───── RECORDS TO PROCESS ─────
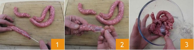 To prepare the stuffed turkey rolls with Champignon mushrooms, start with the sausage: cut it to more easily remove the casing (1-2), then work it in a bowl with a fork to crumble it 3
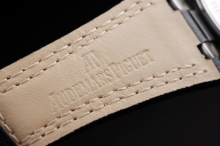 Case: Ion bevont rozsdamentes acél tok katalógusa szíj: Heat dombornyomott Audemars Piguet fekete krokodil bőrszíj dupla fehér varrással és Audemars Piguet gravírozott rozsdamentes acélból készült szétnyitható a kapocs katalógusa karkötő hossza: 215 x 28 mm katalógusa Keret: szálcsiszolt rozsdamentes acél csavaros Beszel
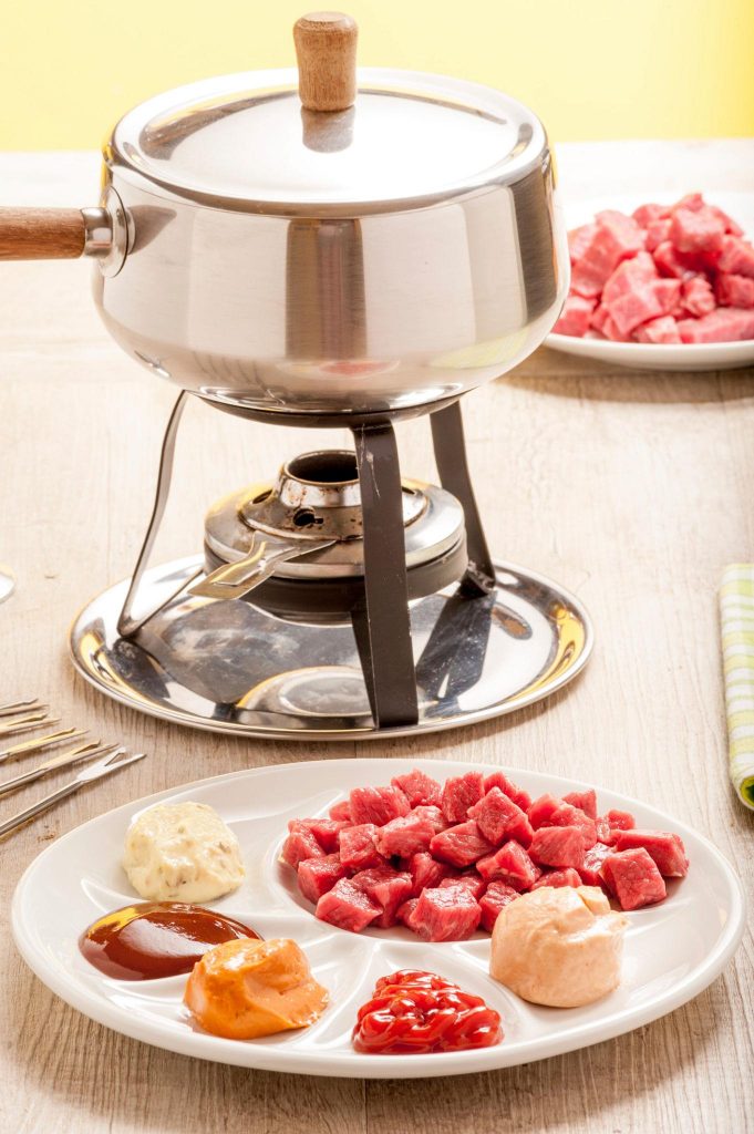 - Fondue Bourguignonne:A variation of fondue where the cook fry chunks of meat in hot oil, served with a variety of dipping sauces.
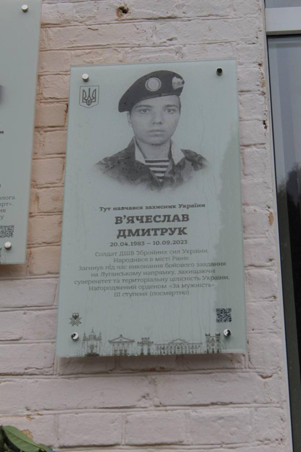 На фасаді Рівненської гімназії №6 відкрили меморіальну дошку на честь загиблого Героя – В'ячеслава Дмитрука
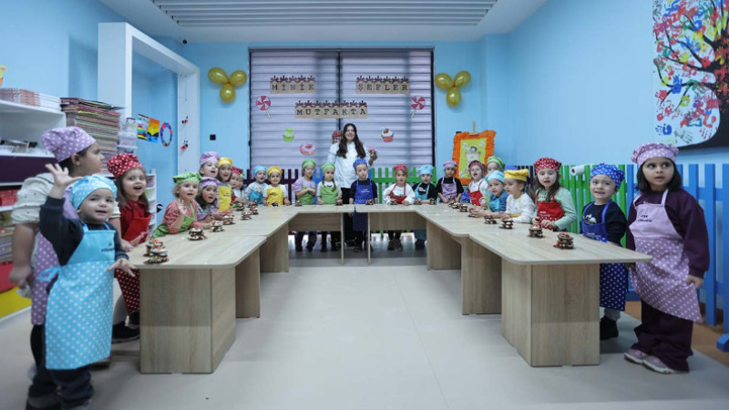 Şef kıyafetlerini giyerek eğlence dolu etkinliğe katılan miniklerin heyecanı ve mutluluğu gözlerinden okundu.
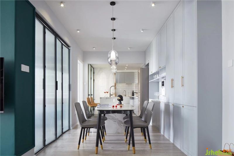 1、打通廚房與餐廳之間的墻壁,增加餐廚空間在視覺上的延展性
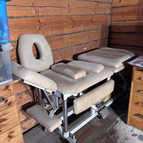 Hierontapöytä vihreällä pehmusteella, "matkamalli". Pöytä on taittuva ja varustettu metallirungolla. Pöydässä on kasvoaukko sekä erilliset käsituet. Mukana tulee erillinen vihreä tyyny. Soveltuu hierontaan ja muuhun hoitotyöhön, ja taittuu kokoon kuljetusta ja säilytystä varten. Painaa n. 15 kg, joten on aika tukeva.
─────
[TASK PROMPT]
Without the pictures, please output every record exactly.

[EXERCISE ANSWER]
 To prepare the stuffed turkey rolls with Champignon mushrooms, start with the sausage: cut it to more easily remove the casing (1-2), then work it in a bowl with a fork to crumble it 3
 Case: Ion bevont rozsdamentes acél tok katalógusa szíj: Heat dombornyomott Audemars Piguet fekete krokodil bőrszíj dupla fehér varrással és Audemars Piguet gravírozott rozsdamentes acélból készült szétnyitható a kapocs katalógusa karkötő hossza: 215 x 28 mm katalógusa Keret: szálcsiszolt rozsdamentes acél csavaros Beszel
 - Fondue Bourguignonne:A variation of fondue where the cook fry chunks of meat in hot oil, served with a variety of dipping sauces.
 На фасаді Рівненської гімназії №6 відкрили меморіальну дошку на честь загиблого Героя – В'ячеслава Дмитрука
 Şef kıyafetlerini giyerek eğlence dolu etkinliğe katılan miniklerin heyecanı ve mutluluğu gözlerinden okundu.
 1、打通廚房與餐廳之間的墻壁,增加餐廚空間在視覺上的延展性
 Hierontapöytä vihreällä pehmusteella, "matkamalli". Pöytä on taittuva ja varustettu metallirungolla. Pöydässä on kasvoaukko sekä erilliset käsituet. Mukana tulee erillinen vihreä tyyny. Soveltuu hierontaan ja muuhun hoitotyöhön, ja taittuu kokoon kuljetusta ja säilytystä varten. Painaa n. 15 kg, joten on aika tukeva.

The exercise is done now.